DIGITAL LIBRARY
ASSESSING INTER-RATER AGREEMENT ABOUT ITEM-WRITING FLAWS IN MULTIPLE-CHOICE QUESTIONS OF CLINICAL ANATOMY
Faculdade de Medicina da Universidade do Porto (PORTUGAL)
About this paper:
Appears in: EDULEARN13 Proceedings
Publication year: 2013
Pages: 5921-5924
ISBN: 978-84-616-3822-2
ISSN: 2340-1117
Conference name: 5th International Conference on Education and New Learning Technologies
Dates: 1-3 July, 2013
Location: Barcelona, Spain
Abstract:
Multiple-choice questions (MCQs) are regularly used in exams in order to assess students in health science disciplines. Despite this fact, MCQ items often have item-writing flaws, and few educators have formal instruction in writing MCQs [1].

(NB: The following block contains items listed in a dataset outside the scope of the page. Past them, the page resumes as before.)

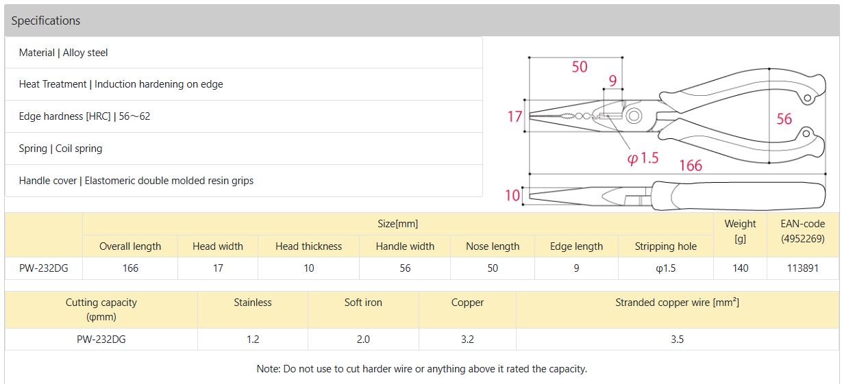 Kìm nhọn đa năng 150mm do hãng Tsunoda Nhật Bản sản xuất. Thương hiệu nổi tiếng chuyên sản xuất kìm.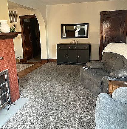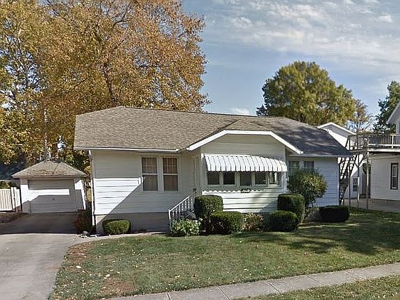 Nice cozy two bedroom, one bathroom home with enclosed front porch in a great neighborhood. Situated within walking distance between both the public high school and elementary school. Walking distance to downtown. Partial unfinished basement. Small garage with overhead door. Nice landscaping. Fireplace is non functioning as a wood burning fireplace. New roof (2014), new central heating & air with all new duct work (2014), new electrical throughout with all new light fixtures (2014), new side entry door (2017), new basement steps (2017) new living room picture window (2018) Pictures are from just before we moved out so the house is empty at the moment.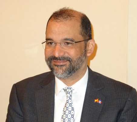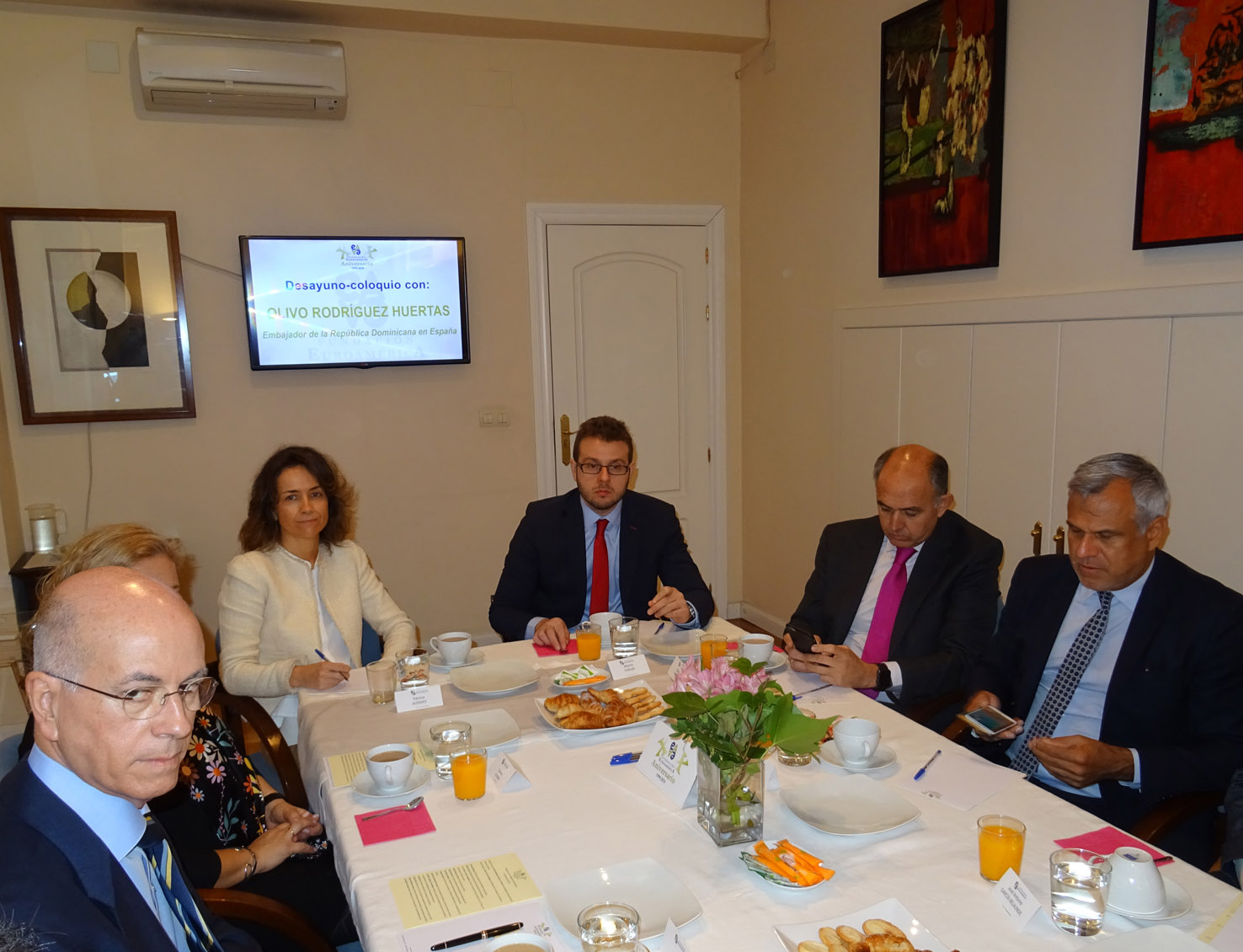 El Embajador de la República Dominicana, Olivo Rodríguez Huertas, comenzó su intervención indicando que la reforma constitucional llevada a cabo en 2010 bajo la presidencia de Leonel Fernández fue la más importante llevada a cabo en el país, en la que se establece la naturaleza del Estado y se define el papel subsidiario de éste en las relaciones comerciales, primando la economía de mercado y la libre iniciativa del sector privado como motor de transformación de la economía. Así pues el país dominicano tiene, en palabras de su Embajador, unas reglas definidas de libre competencia y la asunción del arbitraje nacional e internacional para la resolución de controversias. La firma de acuerdos comerciales internacionales como el TLC con la Unión Europea es fruto de esta apuesta por el libre mercado.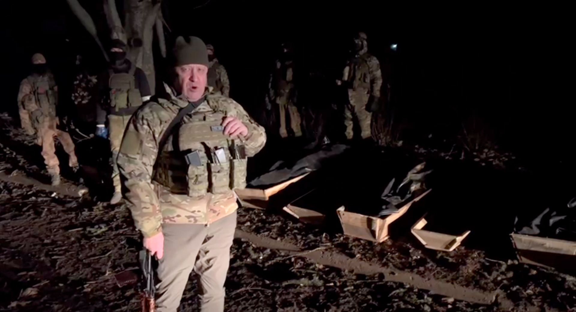 Jewgeni Prigoschin posiert vor Leichensäcken und Särgen während einer Videobotschaft vom 4. März 2023.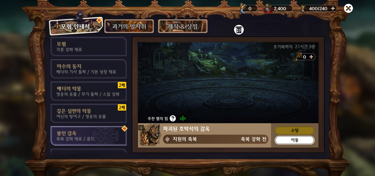 - 새로워진 봉인 감옥은 메인 메뉴의 [봉인 감옥] 버튼 혹은 [모험 안내서]를 통해 진입할 수 있습니다.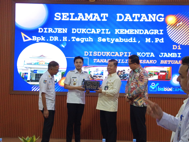 Dalam Kunjungan ini, Dirjen Dukcapil Teguh, didampingi oleh Wakil Walikota Jambi, Diza Hazra Aljhosa dan Kepala Dinas Dukcapil, Nirwan Ilyas bersama Jajarannya.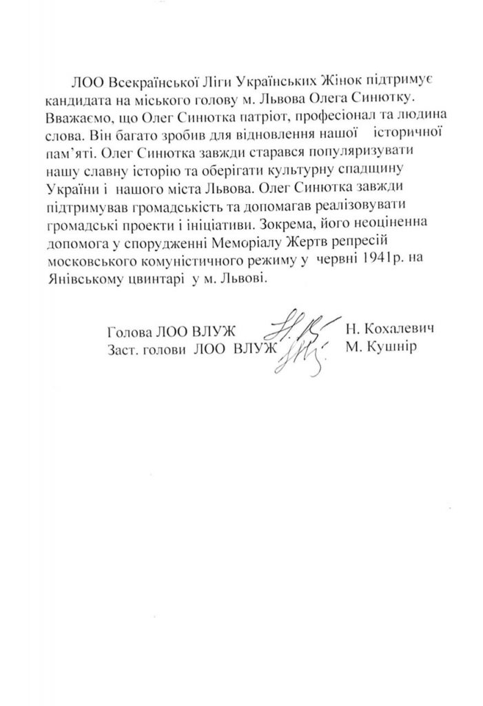 - Всеукраїнська Ліга українських жінок підтримала кандидата у мери Львова Олега Синютку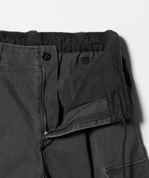厚みのある生地にフェード加工を施し、各所に表情のある加工感を加えたカーゴパンツ。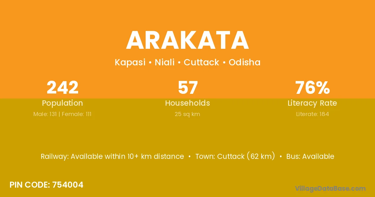 Cuttack (62 km) is the nearest town to Arakata village for major economic activities and is located approximately 62 km away.

The major purpose of our study was to estimate the inter-rater agreement about item classification as either standard or flawed.

In order to achieve this goal, four judges (2 teacher/2 students), blinded to all item performance data, independently classified each one of 920 test items from 10 examinations as either standard or flawed. If flawed the exact type of item flaw or flaws present in the question stem and respective options was recorded.

In this study, the standard item was operationally defined as any item that did not violate one or more of the 31 principles noted in a review article [2] which summarized current educational measurement recommendations concerning item writing.
The Fleiss' Kappa was use to evaluate the inter-rater agreement between 4 judges previous the consensus process.

In respect to the agreement about item classification as either standard or flawed was fair (kappa=0.3).

Despite the agreement was substantial for the more prevalent principles, generally the results showed many disagreements among judges about item classification, previous the consensus process. In a future investigation it is important to assess if presence of flaw or flaws in the MCQ item have impact its quality, namely, if there are interferences with difficulty and discrimination indices of the MCQ item.

References:
[1] Tarrant, M. and Ware, J. (2008), Impact of item writing flaws in multiple choice questions on student achievement in high stakes nursing assessments, Medical Education, 42 (2), pp. 198-206.
[2] Haladyna, T. M., Downing, S. M., and Rodriguez, M. C. (2002), A review of multiple-choice item-writing guidelines for classroom assessment, Applied Measurement in Education, 15 (3), pp. 309-333.

Supported by IJUP Controlo de Qualidade em Educação Médica: prevalência, determinantes e recomendações na meta-avaliação de testes de escolha múltipla em Anatomia (Ref. PP_IJUP2011 67).
Keywords:
Multiple-choice questions, meta-evaluation, clinical anatomy, flaws.